Task objective
The answer must consist only of the lines from the line with "國務院副總理吳邦國宣布導流明" to the line with "Transform your space", both included, exactly as they stand below.

*** Data extracts Section Begins ***

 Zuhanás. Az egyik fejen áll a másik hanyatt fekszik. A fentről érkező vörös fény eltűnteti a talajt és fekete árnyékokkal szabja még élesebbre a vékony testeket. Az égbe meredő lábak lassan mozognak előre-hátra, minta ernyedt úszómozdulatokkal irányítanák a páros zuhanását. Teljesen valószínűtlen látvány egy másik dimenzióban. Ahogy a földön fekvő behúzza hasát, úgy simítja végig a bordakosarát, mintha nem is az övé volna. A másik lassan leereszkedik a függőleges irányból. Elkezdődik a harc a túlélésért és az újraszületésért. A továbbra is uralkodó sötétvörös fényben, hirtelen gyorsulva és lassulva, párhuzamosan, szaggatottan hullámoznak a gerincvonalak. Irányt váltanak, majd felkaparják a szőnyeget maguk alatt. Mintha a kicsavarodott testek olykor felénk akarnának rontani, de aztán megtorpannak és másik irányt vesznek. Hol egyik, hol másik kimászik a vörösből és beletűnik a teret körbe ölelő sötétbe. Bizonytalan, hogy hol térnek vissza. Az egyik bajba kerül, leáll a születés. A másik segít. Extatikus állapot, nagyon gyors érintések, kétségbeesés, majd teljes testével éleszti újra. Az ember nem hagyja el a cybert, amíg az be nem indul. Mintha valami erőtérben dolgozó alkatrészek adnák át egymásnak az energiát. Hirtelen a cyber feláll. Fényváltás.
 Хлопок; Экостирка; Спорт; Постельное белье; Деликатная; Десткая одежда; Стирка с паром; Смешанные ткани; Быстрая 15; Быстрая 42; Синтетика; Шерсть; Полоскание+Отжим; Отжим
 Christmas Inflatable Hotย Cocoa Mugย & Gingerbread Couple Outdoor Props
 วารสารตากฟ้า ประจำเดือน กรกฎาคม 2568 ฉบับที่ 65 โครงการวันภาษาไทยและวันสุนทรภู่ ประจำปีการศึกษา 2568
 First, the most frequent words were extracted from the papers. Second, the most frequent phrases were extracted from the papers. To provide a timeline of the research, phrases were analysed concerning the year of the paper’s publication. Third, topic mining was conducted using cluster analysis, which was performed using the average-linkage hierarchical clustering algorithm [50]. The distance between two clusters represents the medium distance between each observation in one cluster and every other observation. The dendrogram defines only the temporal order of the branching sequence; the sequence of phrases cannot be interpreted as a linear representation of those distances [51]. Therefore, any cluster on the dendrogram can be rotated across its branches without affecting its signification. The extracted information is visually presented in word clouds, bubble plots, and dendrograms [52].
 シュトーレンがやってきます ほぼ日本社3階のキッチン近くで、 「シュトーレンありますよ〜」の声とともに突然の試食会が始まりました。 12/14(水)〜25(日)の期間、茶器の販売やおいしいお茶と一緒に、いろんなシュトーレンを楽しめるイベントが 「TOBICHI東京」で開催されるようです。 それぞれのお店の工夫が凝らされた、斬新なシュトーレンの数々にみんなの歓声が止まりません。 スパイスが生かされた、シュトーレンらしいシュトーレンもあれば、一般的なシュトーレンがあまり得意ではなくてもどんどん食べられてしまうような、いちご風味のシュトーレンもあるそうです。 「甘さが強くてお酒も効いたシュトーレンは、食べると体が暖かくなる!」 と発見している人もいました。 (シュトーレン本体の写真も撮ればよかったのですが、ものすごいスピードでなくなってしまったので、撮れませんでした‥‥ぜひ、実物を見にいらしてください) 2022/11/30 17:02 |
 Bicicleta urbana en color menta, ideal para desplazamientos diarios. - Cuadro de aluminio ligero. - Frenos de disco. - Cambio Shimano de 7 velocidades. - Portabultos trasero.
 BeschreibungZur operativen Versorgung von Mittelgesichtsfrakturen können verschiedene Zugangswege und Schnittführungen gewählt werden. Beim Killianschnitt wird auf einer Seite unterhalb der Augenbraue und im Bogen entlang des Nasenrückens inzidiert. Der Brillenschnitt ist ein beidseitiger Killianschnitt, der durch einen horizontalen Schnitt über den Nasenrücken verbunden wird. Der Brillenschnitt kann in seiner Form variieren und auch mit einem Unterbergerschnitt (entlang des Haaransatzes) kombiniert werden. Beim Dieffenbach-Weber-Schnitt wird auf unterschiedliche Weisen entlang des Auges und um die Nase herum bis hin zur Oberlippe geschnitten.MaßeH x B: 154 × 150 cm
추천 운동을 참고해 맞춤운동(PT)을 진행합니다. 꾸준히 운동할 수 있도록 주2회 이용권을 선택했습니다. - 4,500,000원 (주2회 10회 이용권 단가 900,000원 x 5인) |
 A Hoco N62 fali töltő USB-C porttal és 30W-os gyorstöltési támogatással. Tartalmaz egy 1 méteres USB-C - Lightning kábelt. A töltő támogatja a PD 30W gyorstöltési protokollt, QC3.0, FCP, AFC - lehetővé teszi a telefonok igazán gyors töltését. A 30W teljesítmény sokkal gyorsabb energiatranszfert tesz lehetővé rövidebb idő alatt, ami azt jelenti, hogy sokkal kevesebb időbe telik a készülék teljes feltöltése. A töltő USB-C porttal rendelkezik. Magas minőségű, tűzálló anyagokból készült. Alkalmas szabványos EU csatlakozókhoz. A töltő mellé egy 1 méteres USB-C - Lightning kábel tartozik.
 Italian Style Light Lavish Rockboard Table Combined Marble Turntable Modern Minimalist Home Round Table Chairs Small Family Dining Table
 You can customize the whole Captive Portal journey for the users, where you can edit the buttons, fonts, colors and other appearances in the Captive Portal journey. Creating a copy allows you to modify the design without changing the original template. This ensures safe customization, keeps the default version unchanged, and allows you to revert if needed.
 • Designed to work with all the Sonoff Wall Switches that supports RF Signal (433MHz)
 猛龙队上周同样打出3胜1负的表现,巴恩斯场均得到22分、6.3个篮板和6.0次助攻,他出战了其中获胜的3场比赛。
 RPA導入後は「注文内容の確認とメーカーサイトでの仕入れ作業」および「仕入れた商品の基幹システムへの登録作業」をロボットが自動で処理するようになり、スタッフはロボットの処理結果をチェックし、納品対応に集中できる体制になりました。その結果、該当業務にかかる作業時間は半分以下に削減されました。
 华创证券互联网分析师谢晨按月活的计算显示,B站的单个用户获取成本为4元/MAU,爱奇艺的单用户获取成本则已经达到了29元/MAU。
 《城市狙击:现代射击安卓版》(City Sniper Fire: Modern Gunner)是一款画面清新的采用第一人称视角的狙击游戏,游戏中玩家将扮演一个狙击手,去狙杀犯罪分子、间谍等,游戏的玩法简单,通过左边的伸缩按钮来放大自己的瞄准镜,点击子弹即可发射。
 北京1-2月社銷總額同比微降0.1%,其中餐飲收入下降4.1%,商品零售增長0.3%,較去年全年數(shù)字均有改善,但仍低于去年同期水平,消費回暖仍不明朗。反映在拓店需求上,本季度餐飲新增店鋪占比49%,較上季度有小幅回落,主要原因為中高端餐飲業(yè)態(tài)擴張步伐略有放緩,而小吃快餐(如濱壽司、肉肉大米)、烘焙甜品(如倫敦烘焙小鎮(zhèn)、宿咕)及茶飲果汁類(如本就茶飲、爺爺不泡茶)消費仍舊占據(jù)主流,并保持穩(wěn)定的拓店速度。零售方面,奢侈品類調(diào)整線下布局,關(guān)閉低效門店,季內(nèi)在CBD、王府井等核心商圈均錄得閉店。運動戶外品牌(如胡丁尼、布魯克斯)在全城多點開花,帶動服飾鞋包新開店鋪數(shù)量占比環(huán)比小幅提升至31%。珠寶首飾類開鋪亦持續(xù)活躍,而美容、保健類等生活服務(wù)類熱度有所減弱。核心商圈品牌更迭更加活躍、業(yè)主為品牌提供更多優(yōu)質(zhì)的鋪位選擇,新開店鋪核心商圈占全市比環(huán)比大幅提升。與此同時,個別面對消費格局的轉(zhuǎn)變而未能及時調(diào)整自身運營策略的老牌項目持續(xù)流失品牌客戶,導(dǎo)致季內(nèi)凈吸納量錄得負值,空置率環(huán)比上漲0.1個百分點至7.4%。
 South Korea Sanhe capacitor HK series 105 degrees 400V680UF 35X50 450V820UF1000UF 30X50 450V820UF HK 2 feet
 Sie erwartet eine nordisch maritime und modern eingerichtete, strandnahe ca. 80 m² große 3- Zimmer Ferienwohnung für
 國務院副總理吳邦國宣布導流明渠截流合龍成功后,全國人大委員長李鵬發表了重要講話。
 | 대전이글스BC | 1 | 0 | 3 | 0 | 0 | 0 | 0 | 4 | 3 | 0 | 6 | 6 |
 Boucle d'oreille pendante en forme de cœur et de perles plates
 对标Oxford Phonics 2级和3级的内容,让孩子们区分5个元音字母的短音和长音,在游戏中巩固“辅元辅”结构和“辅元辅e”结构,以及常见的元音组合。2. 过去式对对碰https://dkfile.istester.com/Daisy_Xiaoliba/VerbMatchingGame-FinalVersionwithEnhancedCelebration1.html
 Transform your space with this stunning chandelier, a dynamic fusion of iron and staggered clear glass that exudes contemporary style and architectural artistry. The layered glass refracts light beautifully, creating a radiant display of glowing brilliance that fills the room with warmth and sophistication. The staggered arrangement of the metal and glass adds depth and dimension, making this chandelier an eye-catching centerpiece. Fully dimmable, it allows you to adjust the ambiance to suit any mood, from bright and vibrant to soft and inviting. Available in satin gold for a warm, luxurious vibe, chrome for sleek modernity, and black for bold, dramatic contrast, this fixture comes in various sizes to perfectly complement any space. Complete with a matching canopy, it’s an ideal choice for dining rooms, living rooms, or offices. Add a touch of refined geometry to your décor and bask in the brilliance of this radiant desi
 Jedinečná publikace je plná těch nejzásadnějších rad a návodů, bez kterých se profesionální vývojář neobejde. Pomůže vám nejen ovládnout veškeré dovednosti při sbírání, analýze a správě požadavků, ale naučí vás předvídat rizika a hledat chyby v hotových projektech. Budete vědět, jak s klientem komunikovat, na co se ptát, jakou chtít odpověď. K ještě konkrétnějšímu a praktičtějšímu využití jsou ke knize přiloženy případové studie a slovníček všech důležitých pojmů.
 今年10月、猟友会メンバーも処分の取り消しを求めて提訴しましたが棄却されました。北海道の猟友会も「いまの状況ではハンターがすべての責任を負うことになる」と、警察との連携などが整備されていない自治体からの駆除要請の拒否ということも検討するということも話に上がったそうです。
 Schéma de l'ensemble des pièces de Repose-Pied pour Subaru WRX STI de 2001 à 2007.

*** Data extracts Section Ends ***

Result
 國務院副總理吳邦國宣布導流明渠截流合龍成功后,全國人大委員長李鵬發表了重要講話。
 | 대전이글스BC | 1 | 0 | 3 | 0 | 0 | 0 | 0 | 4 | 3 | 0 | 6 | 6 |
 Boucle d'oreille pendante en forme de cœur et de perles plates
 对标Oxford Phonics 2级和3级的内容,让孩子们区分5个元音字母的短音和长音,在游戏中巩固“辅元辅”结构和“辅元辅e”结构,以及常见的元音组合。2. 过去式对对碰https://dkfile.istester.com/Daisy_Xiaoliba/VerbMatchingGame-FinalVersionwithEnhancedCelebration1.html
 Transform your space with this stunning chandelier, a dynamic fusion of iron and staggered clear glass that exudes contemporary style and architectural artistry. The layered glass refracts light beautifully, creating a radiant display of glowing brilliance that fills the room with warmth and sophistication. The staggered arrangement of the metal and glass adds depth and dimension, making this chandelier an eye-catching centerpiece. Fully dimmable, it allows you to adjust the ambiance to suit any mood, from bright and vibrant to soft and inviting. Available in satin gold for a warm, luxurious vibe, chrome for sleek modernity, and black for bold, dramatic contrast, this fixture comes in various sizes to perfectly complement any space. Complete with a matching canopy, it’s an ideal choice for dining rooms, living rooms, or offices. Add a touch of refined geometry to your décor and bask in the brilliance of this radiant desi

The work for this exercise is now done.